According to the Complete Dictionary of Scientific Biography, “In marked contrast to this external simplicity, Gauss’s personal life was complicated and tragic. He suffered from the political turmoil and financial insecurity associated with the French Revolution, the Napoleonic period, and the democratic revolutions in Germany. He found no mathematical collaborators and worked alone most of his life. An unsympathetic father, the early death of his first wife, the poor health of his second wife, and unsatisfactory relations with his sons denied him a family sanctuary until late in life.”

He had a tenuous relationship with his children, according to a letter written by his grandson, Charles Henry Gauss. He did not want his children to follow him into mathematics or other sciences because he feared they would not match his accomplishments and would weaken his name.

“What I have written will have little interest for the ordinary reader but you possibly may be interested in what I have said of my Father in so far as it gives a glimpse of the mind and temperament of Grandfather. He – that is Grandfather – did not want any of his sons to attempt mathematics for he said he did not think any of them would surpass him and he did not want the name lowered. Probably he felt the same in a measure of any other line of scientific study,” his grandson wrote in the letter.

Charles Henry Gauss’ father, Eugene, moved to America and became a businessman. Eugene’s brother, Wilhelm, also became a businessman in America, while their sister, Therese, lived with the elder Gauss until his death, caring for him.
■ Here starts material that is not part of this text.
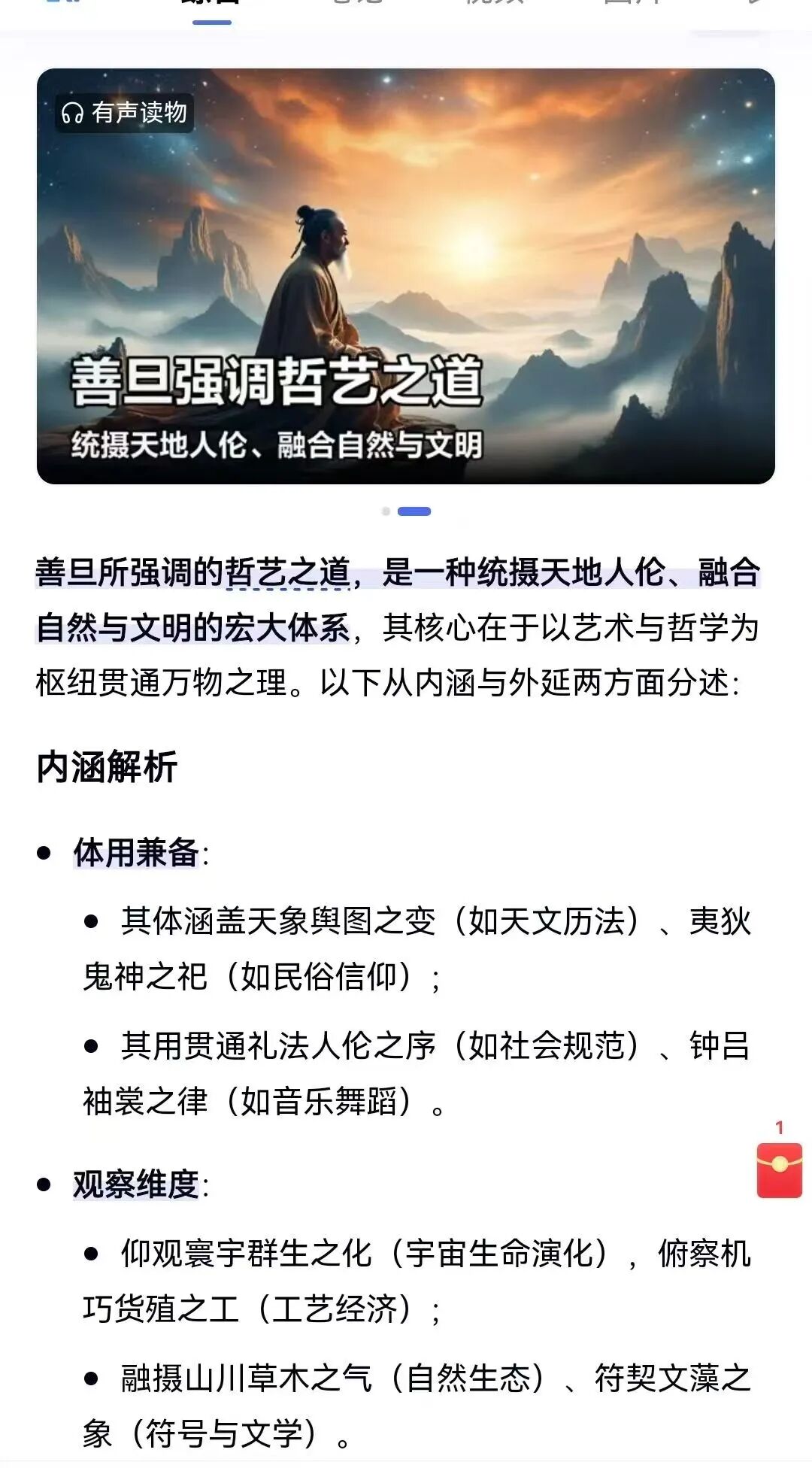 善旦所强调的哲艺之道,是一种统摄天地人伦、融合自然与文明的宏大体系,其核心在于以艺术与哲学为枢纽贯通万物之理。以下从内涵与外延两方面分述: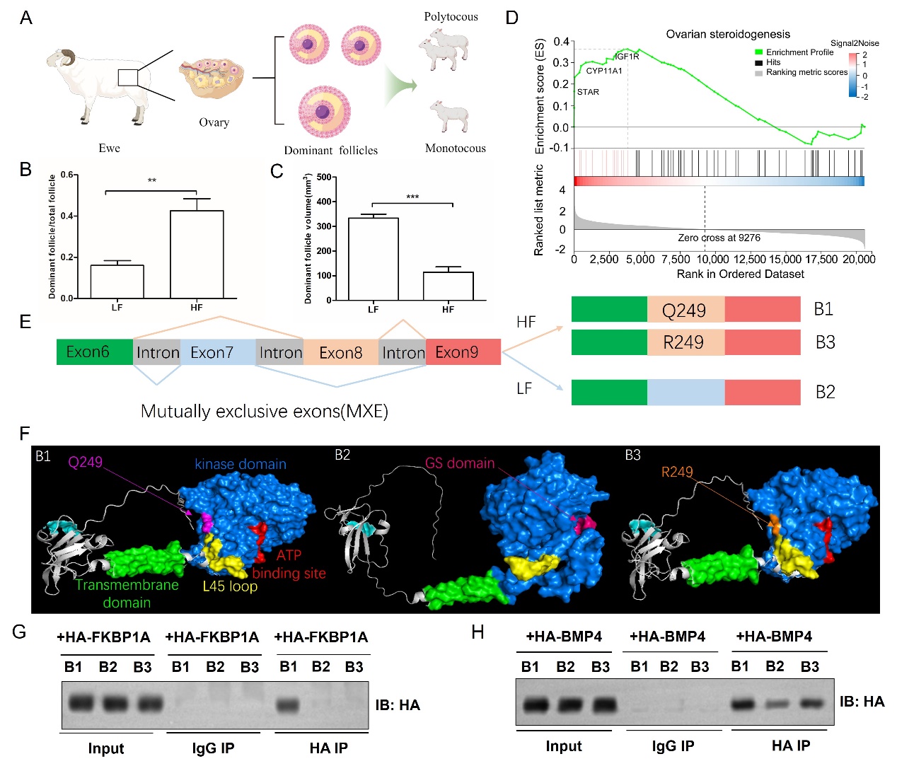 中國科學(xué)院西北高原生物研究所動物生態(tài)與資源保護研究團隊針對綿羊重要繁殖性狀(產(chǎn)羔數(shù)和產(chǎn)羔間隔),以連續(xù)三個產(chǎn)羔季節(jié)產(chǎn)多胎(每胎產(chǎn)兩羔或三羔,HF)和產(chǎn)單胎(每胎產(chǎn)一羔,LF)的藏羊為研究對象,整合全基因組關(guān)聯(lián)分析、普通轉(zhuǎn)錄組學(xué)、單細胞轉(zhuǎn)錄組學(xué)、蛋白質(zhì)組學(xué)和代謝組學(xué)等多組學(xué)研究方法,結(jié)合KASP基因分型、實時熒光定量PCR、酶聯(lián)免疫吸附實驗、免疫共沉淀和蛋白質(zhì)免疫印跡等分子功能驗證實驗,挖掘藏羊產(chǎn)羔數(shù)和產(chǎn)羔間隔關(guān)鍵調(diào)控元件并揭示其高繁殖力的遺傳調(diào)控機制。全基因組關(guān)聯(lián)研究表明,BMPR1B基因與產(chǎn)羔數(shù)性狀相關(guān),PAPPA基因與產(chǎn)羔間隔性狀相關(guān)。首次構(gòu)建了藏羊卵巢單細胞圖譜,發(fā)現(xiàn)關(guān)鍵基因PAPPA特異性表達在壁層顆粒細胞亞群,且BMPR1B基因在壁層顆粒細胞和固醇生成顆粒亞群高表達?;趩渭毎D(zhuǎn)錄組學(xué)、蛋白質(zhì)組學(xué)和代謝組學(xué)整合分析,發(fā)現(xiàn)PAPPA是刺激卵巢優(yōu)勢卵泡生長發(fā)育和類固醇生成的關(guān)鍵候選基因。繁殖主效基因BMPR1B除了非同義突變,首次在藏羊中發(fā)現(xiàn)BMPR1B還存在可變剪接事件調(diào)控多胎性狀。該研究結(jié)果對分子精準選育提升藏羊繁殖力和實現(xiàn)藏羊產(chǎn)業(yè)提質(zhì)增效具有重要意義。

5. Gauss Died of a Heart Attack in 1855 & His Brain Was Preserved to Be Studied

carl friedrich gauss

Carl Friedrich Gauss.

Gauss died of a heart attack on February 23, 1855, in Gottigen in the Kingdom of Hanover. He was 77. According to his obituary, Gauss died after a “protracted and painful illness, which for more than a year had exhausted his physical energies.” His death notice added his illness, “could not impair the vigor and clearness of his wondrous intellect.” The obituary noted he was called “the father of sciences.”

He was eulogized by hi son-in-law Heinrich Ewald and his close friend and biographer Wolfgang Sartorius von Waltershausen. Gauss is buried in Albanifriedhof, a graveyard in Gottigen.

Gauss’ brain was preserved after his death to be studied, but at some point it was accidentally switched with another German scientist, physician Conrad Heinrich Fuchs, who also died in Gottigen in 1855, according to the Max Planck Institute for Biophysical Chemistry. His brain was recently studied again in 2013.

“The new MRI results also demonstrate that earlier publications on the alleged Gauss brain did not provide false information. There, the mathematician’s brain was described as normal. Walter Schulz-Schaeffer, head of the Prion and Dementia Research Unit of the Institute of Neuropathology at the University Medical Center Göttingen, inspected the recent images. He confirms that the brain of the brilliant mathematician and astronomer Gauss, like that of the physician Fuchs, is largely anatomically inconspicuous. The two brains are also similar in size and weight,” the Max Planck Institute for Biophysical Chemistry wrote.

“The age-related changes in Gauss’ brain are normal for a 78-year old man. Changes in the basal ganglia could be indicative of high blood pressure,” Schulz-Schaeffer said.